The Sword Armada is shattered. More than half destroyed. A quarter seized by my ships. The remainder fled with Antonia or in little ragged bands, rallying around the remaining Praetors to sprint for the Core. I sent Thraxa and her sisters in fast-moving corvettes out under Victra’s command to reel Antonia in and recapture Kavax, who was captured by Antonia’s forces while attempting to board the Pandora. I asked Sevro to go with Victra, thinking to keep the two of them together, but he went to her ship then returned a half hour before it departed, wrathful and quiet, refusing to discuss whatever it was that transpired.

For her part, Mustang is beside herself with worry for Kavax, though she makes a brave face. She’d lead the rescue mission herself if she weren’t needed in the main fleet. We make repairs where we can to make the ships fit for travel. We scuttle the ships we can’t save, and search the naval debris for survivors. A tentative alliance exists between the Rising and the Moon Lords, one that will not last long.

I’ve not slept since the battle two days ago. Neither, it seems, has Romulus. His eyes are dark with anger and exhaustion. He’s lost an arm and a son on the day and more, so much more. Neither one of us could risk meeting in person. So all we have left between us is this holo conference.

“As promised, you have your independence,” I say.

“And you have your ships,” he replies. Marble columns stretch up behind him, carved with Ptolemaic effigies. He’s on Ganymede, in the Hanging Palace. The heart of their civilization. “But they will not be enough to defeat the Core. The Ash Lord will be waiting for you.”

“I hope so. I have plans for his master.”

“Do you sail on Mars?”

“Perhaps.”

He allows a thoughtful silence. “There’s one thing I find curious about the battle. Of all the ships my men boarded, not one nuclear weapon over five megatons was found. Despite your claims. Despite your…evidence.”

“My men found plenty enough,” I lie. “Come aboard if you doubt me. It’s hardly curious that they would store them on the Colossus. Roque would want to keep them under tight watch. We’re only lucky that I managed to take bridge when I did. Docks can be rebuilt. Lives cannot.”

“Did they ever have them?” Romulus asks.

“Would I risk the future of my people on a lie?” I smile without humor. “Your moons are safe. You define your own future now, Romulus. Do not look the gift horse in the mouth.”

“Indeed,” he says, though he sees through the lie now. Knows he was manipulated. But it is the lie he must sell to his own people if he wants peace. They cannot afford to go to war with me now, but their honor would demand it if they knew what I’d done. And if they went to war with me, I would likely win. I have more ships now. But they’d hurt me bad enough to ruin my real war against the Core. So Romulus swallows my lies. And I swallow the guilt of leaving hundreds of millions in slavery and personally signing the death warrants of thousands of Sons of Ares to Romulus’s police. I gave them warning. But not all will escape. “I would like your fleet to depart before end of day,” Romulus says.

“It will take three days to search the debris for our survivors,” I say. “We will leave then.”
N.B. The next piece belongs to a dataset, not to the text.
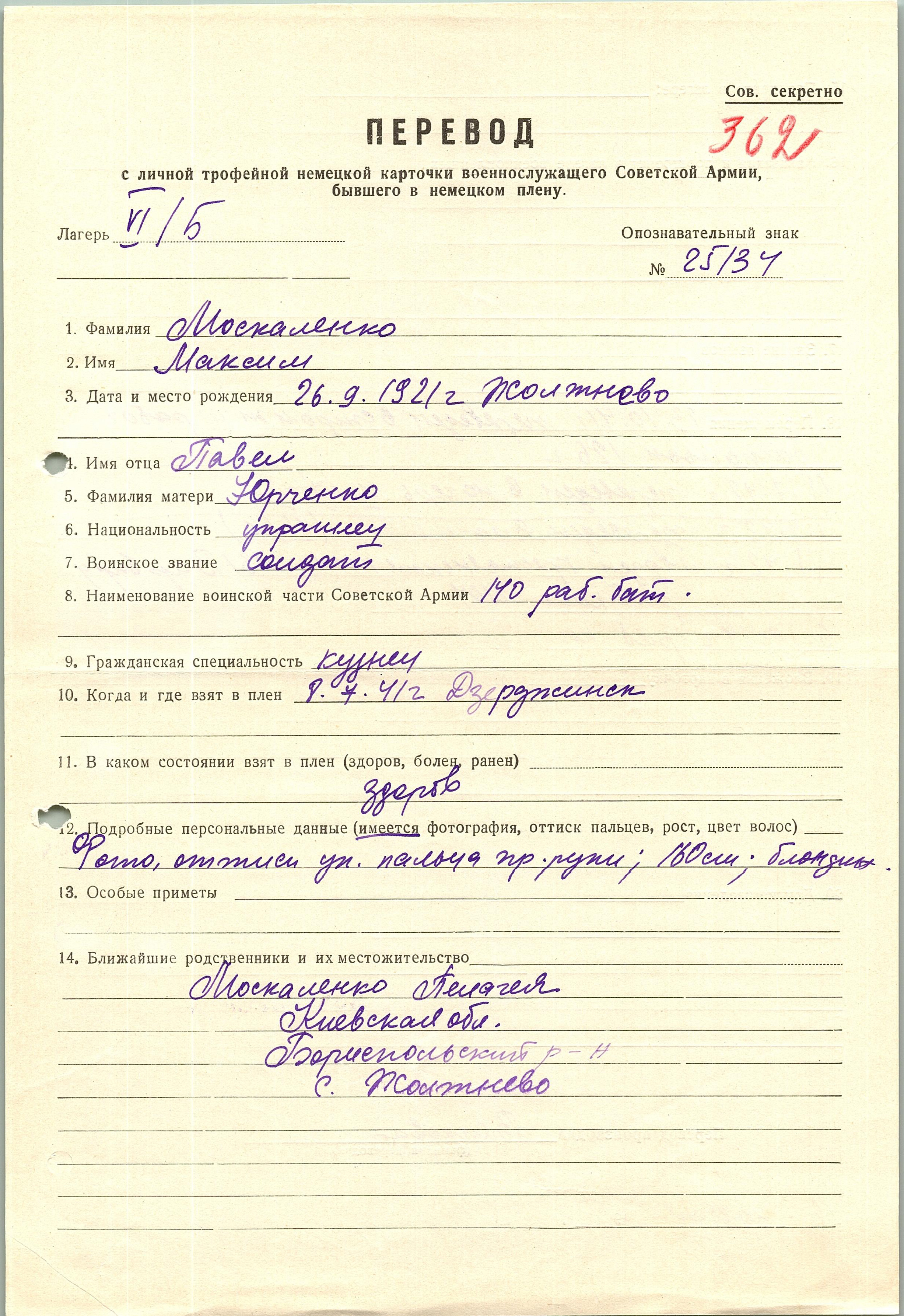 Военнопленные, трофейные карточки. Киевская обл.

“Very well. My ships will escort your fleet to the boundaries we agreed upon. When your flagship crosses into the asteroid belt, you may never return. If one ship under your command crosses that boundary, it will be war between us.”

“I remember the terms.”

“See that you do. Give my regards to the Core. I’ll certainly give yours to the Sons of Ares you leave behind.” He terminates the signal.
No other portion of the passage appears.